Publicité

Mort de Desmond Tutu: hommages planétaires, l'Afrique du Sud orpheline

27 décembre 2021, 18:49

Par

Partager cet article

Facebook X WhatsApp

Mort de Desmond Tutu: hommages planétaires, l'Afrique du Sud orpheline

L'Afrique du Sud a entamé lundi une semaine de deuil pour l'archevêque Desmond Tutu, immense figure morale de la lutte contre l'apartheid mais aussi une malice, une chaleur, un rire en cascade communicatif, dont le pays se sent déjà orphelin.
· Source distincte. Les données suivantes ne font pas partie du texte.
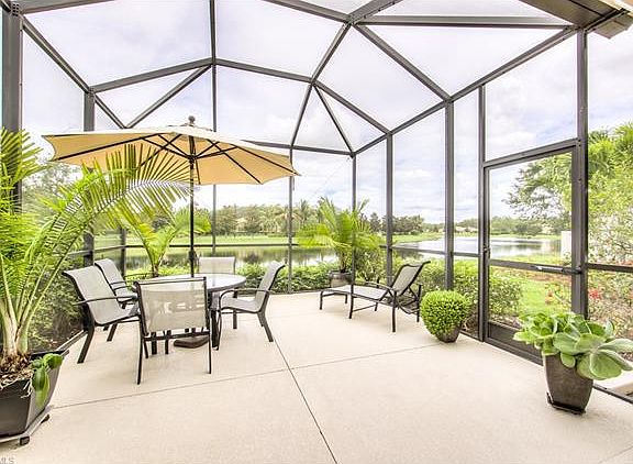 Beautiful 2 bedroom plus den home with gorgeous private lake view and expanded lanai with roll down hurricane screen. West exposure with lake view and no homes in the background make for spectacular sunset views. Ideally located a short walk to the Bridgetown amenity center. This home offers a great open floorplan with spacious master and guest bedroom. Entire home has been wonderfully decorated with custom window treatments, updated ceiling fans, upgraded light fixtures and much more. Additional premium upgrades include 42" staggered cabinets, granite counter tops, upgraded tile and more. The lanai area has been completely redone from all new polyester screens, newly painted floor, all bolts replaced with rust free screws and all new door hardware. Expanding the lanai back and not across the entire back of the home provides a beautiful unobstructed view from the dining room and master bedroom. Bridgetown is one of the premier communities in SWFL. Impressive amenities include resort style pool and spa, fitness center, outdoor bar, bocce ball courts, tennis courts, catering kitchen, amenity center with multi-purpose room and much more.

Le prix Nobel de la paix, mort paisiblement dimanche à 90 ans, s'était retiré de la vie publique ces derniers mois, visiblement affaibli. Mais chacun se souvient de sa petite silhouette violette, sa ténacité et son franc-parler légendaires pour dénoncer les injustices et écorner tous les pouvoirs.

«Quand nous étions de jeunes militants, si l'archevêque Tutu était présent, jamais la police ou l'armée ne nous tiraient dessus. Pourquoi? On ne sait pas vraiment. Mais il nous servait de bouclier», a twitté Panyaza Lesufi, aujourd'hui un cadre de l'ANC, parti fossoyeur de l'apartheid qui est toujours au pouvoir.

Ses obsèques sont prévues samedi dans la cathédrale anglicane Saint-Georges du Cap, son ancienne paroisse. Le corps, placé en chapelle ardente vendredi, sera incinéré et ses cendres reposeront dans la cathédrale.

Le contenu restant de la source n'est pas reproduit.